The main technical differences and reasons and structural comparison between this standard and [ISO5636-5:1986] are listed in Appendix C and Appendix D respectively: This standard replaces GB/T5402-1985 "Determination of oxygen permeability of paper and paperboard (Gurley method)". Compared with GB5402-1985, the main changes of this standard are as follows: - The standard format is modified in accordance with GB/T 1.7-2000 "Guidelines for standardization Part 1: Structure and writing rules of standards"
- According to the original content of ISO5636-5:1986, the introduction of early instruments is added; the scale value of the burette in Appendix B is revised to 0.2 mL/grid. Appendix B of this standard is a normative appendix, and Appendix A, Appendix C, and Appendix D are all informative appendices: This standard is proposed by the China Paper Industry Federation. This standard is proposed by the National Paper Industry Standardization Technical Committee. The responsible drafting unit of this standard is: Chongqing Paper Industry Research and Design Institute, and the participating drafting units are: Chongqing Station of National Light Industry Paper Quality Supervision and Inspection, Chongqing Paper Metrology Station,
The main drafters of this standard are: Xie Qing, Wang Jinggang, Zhou Bo. The previous versions of the standards replaced by this standard are: GB/T5402~1985. This standard is interpreted by the National Paper Industry Standardization Technical Committee. 1 Scope
Paper and paperboard, determination of air permeability (medium range) Gurley method
This standard specifies the Gurley method for measuring the air permeability of paper and paperboard. GB/T5402—2003
This standard is only applicable to paper and paperboard with air permeability between (0,1~100)μim/(Pas). It is not applicable to materials with rough surfaces, such as ribbed paper and tile-based paper, because these papers cannot be firmly clamped and thus inevitably leak air. 2 Normative references
The following clauses become clauses of this standard through reference in this standard. All dated references and their subsequent amendments (excluding errata) or revisions are not applicable to this standard. However, parties to an agreement based on this standard are encouraged to study whether the latest versions of these documents can be used. For all undated references, the latest versions shall apply to this standard. GB/T450 Paper and paperboard specimen collection (GB/T450-2002, eqVISO186:1994) GB/T10739 Standard atmospheric conditions for handling and testing paper, paperboard and pulp specimens (GB/T10739-2002, cqVISO187:1990)
3 Terms and definitions
The following terms and definitions apply to this standard. 3.1
Air permeability
The average air flow rate through a unit area per unit time under unit pressure difference under specified conditions, expressed in micrometers per Pascal second [1 mL/(m - Pa s)--1 μm/(Fa * s). 4 Principle
The air in the cylinder is compressed by its own weight of a vertically erected cylinder floating on a liquid, so that the compressed air contacts the sample. As the air passes through the sample, the cylinder will fall steadily. The time required for a certain volume of air to pass through the sample is measured, and the air permeability is calculated accordingly. 5 Instrument
5.1 Erlier Air Permeability Tester
The schematic diagram of this instrument is shown in Figure A.1. It consists of an outer cylinder and an inner cylinder. The outer cylinder contains a certain amount of sealing liquid, and the inner cylinder can slide freely in the outer cylinder. The air pressure formed by the gravity of the inner cylinder is applied to the sample clamped between the clamps with a hole diameter of (28.6 + 0.1) mm: the sample clamp of the single-stage instrument is at the top of the cylinder, and the sample clamp of the new instrument is on the base. The latter is the most suitable choice [see Figure A, 1a]. On the side of the clamp with air pressure, a rubber pad is installed to prevent air from entering between the paper surface and the clamp.
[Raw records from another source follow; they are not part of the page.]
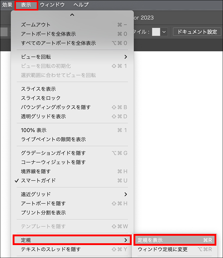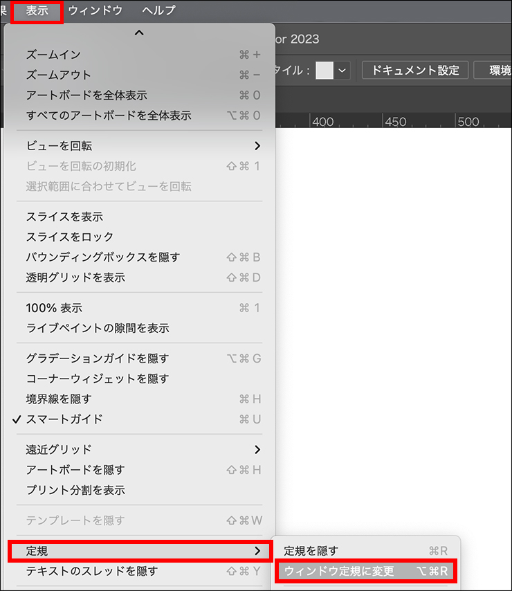 定規は「ウィンドウ定規」と「アートボード定規」の2種類あり、表示メニュー→“定規”→“アートボード定規に変更”、または表示メニュー→“定規”→“ウィンドウ定規に変更”で切り替えられます(図4)。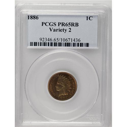 <B>1886<1C> Type Two PR65 Red and Brown PCGS.</B></I> This Gem's straw-colored devices have original color, though the fields have mellowed somewhat. The later type, with the last feather pointing between C and A, the scarcer type in proof condition.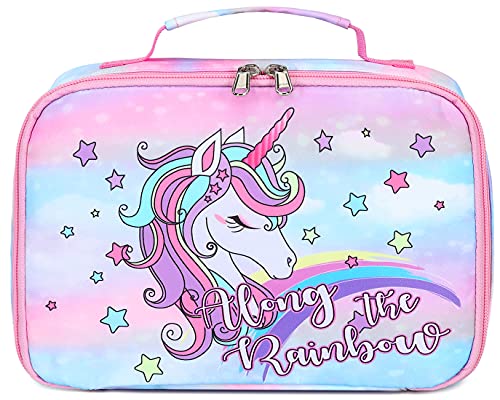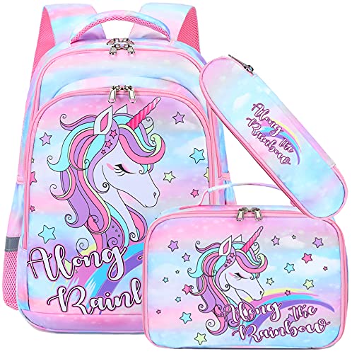 - The kids backpack set with cute unicorn headband printed, including girl backpack: 15"(L)x11.8"(H)*5.1"(W) , lunch bag: 10"(L)*7.1(H)*4.3"(W) , beautiful matching sets as your little ones Christmas/New Year/ Birthday gift

The liner is made of thin, elastic, oil-resistant and oxidation-resistant material and has a smooth and flat surface. The thickness of the liner is (0.7~1.0)Tnt, the hardness is (50~60)IRHD (International Rubber Hardness Scale), the inner diameter is (28.6±0.1)mm (area is 6.42cm), and the outer diameter is (34.9=0.1)mml. The hole of the liner should be accurately aligned with the hole of the splint. During use, in order to make the two holes of the liner and the splint aligned and protect the liner, the liner should be pasted in the positioning groove of the splint. The circular groove should be concentric with the splint hole opposite to it, and its inner diameter is (28.41±0.04)mm. The groove depth is (0.45±0.05)mm, and the outer diameter of the groove is (35.2±0.1)mm. GB/T5402—2003wwW.bzxz.Net
Note: The inner diameter of some instrument grooves is 28.65 Im, so that the liner is slightly tightened. The outer cylinder height of the instrument is 254mm, and the inner diameter is 82.6mm. Three or four metal bars are arranged vertically at equal distances on the inner wall of the cylinder. The length of the metal bars is between (190~~245.5)mm. The cross section of the bars is either a square with a side length of 2.4mm or a circle with a diameter of 2.4mm. The metal bars serve as guides for the inner cylinder to move up and down. The inner cylinder height is 254mm, the outer diameter is 76.2mm, the inner diameter is 74.1mm, and the mass is (567±0.5)g.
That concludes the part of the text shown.